The claimants sought permission to re-amend their particulars of claim.
In the original particulars of claim, the claimants had alleged that the defendant accountants had acted negligently in recommending to them three tax-avoidance schemes, all of which were subsequently challenged by HMRC. The schemes in question were two funded unapproved retirement benefits schemes entered into in 2001, a film scheme investment made in 2001 and a bonus scheme, entered into in 2003, which minimised national insurance contributions and income tax. In the re-amended particulars of claim, the claimants made two main allegations, namely that the accountants should have informed them of a conflict of interest (it was said that the accountants had been involved in designing or creating the three tax-avoidance schemes) and that they should have advised them of the availability of alternatives to the three schemes.

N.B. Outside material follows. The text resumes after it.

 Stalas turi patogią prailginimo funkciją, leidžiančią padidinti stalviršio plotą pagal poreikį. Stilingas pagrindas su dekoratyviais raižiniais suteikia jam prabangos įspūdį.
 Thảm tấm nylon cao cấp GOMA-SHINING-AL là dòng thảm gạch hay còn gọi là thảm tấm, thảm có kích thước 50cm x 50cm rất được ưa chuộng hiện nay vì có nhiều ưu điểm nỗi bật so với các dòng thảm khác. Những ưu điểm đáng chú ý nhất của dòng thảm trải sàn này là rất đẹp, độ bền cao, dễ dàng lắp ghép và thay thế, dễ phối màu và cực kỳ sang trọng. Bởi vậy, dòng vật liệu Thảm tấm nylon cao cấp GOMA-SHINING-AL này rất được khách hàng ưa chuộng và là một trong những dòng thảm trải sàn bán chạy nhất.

The issues were whether, for the purposes of the Limitation Act 1980 s.35, the re-amendments added a new claim and, if they did, whether the new causes of action arose out of the same facts or substantially the same facts as had already been pleaded.

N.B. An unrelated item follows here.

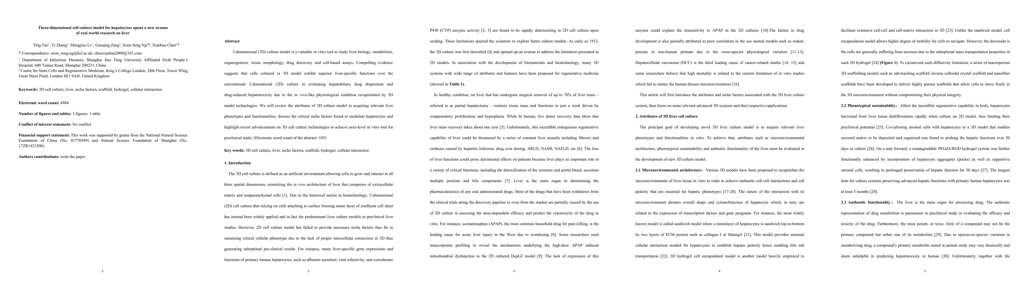 This paper reviews the advantages of 3D cell culture models for hepatocytes, highlighting their superior liver-specific functions compared to 2D cultures, and discusses recent advancements in 3D technologies for more accurate preclinical studies. The focus is on the physiological conditions and niche factors that enhance liver phenotypes and functionalities.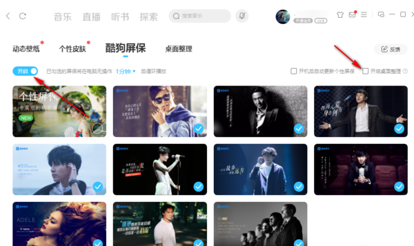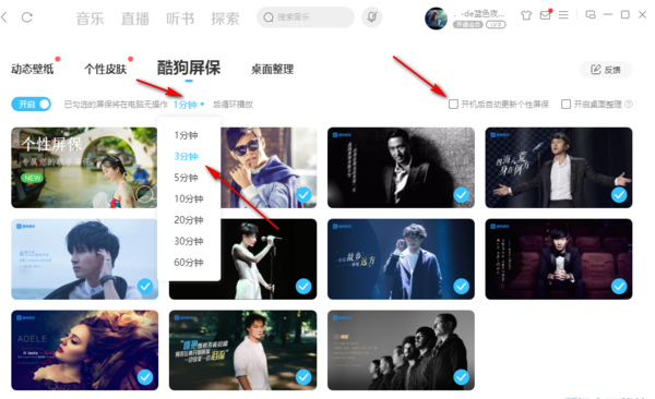 4、然后根据酷狗屏保提供的壁纸素材,把喜欢的内容并勾选上,同时需要设置一下开启屏保的时间以及是否需要在开机后自动更新个性屏保这一功能。

The allegations of conflict of interest did not seek to introduce a new duty but rather sought to add a further respect, based on new factual issues, in which the accountants had acted in breach of duty. The re-amendments did raise a new cause of action, because important and significant new facts had to be pleaded to support it. For the same reason, it did not arise out of the same or substantially the same facts as the currently pleaded claim. The re-amendments would not therefore be allowed. As to the allegations that the accountants should have advised the claimants of the availability of alternatives to the three schemes, it would be appropriate to allow the re-amendments insofar as they related to the film scheme. That was because the allegation had been made in the original particulars of claim; the claimants were merely seeking to add uncontroversial wording to their pleading. However, it would not be appropriate to allow the re-amendments insofar as they related to the other two tax-avoidance schemes. The claimants might be relying on the already pleaded duty of care, but they were introducing a significant new respect, based on wide-ranging new factual issues, in which the accountants had acted in breach of that duty. Further, the re-amendments also entailed a significant change to the way in which damages were claimed. It was now alleged that, as opposed to the previously pleaded case that they would have done nothing, the claimants would have entered into one of the alternative schemes. Nor did the new allegations arise out of the same or substantially the same facts as would be litigated under the existing pleading. It was obvious that the new claim raised a host of new factual issues and that it had led to a complete recasting of the claimants' damages claim (see paras 14, 18, 21-24, 26, 30-32 of judgment).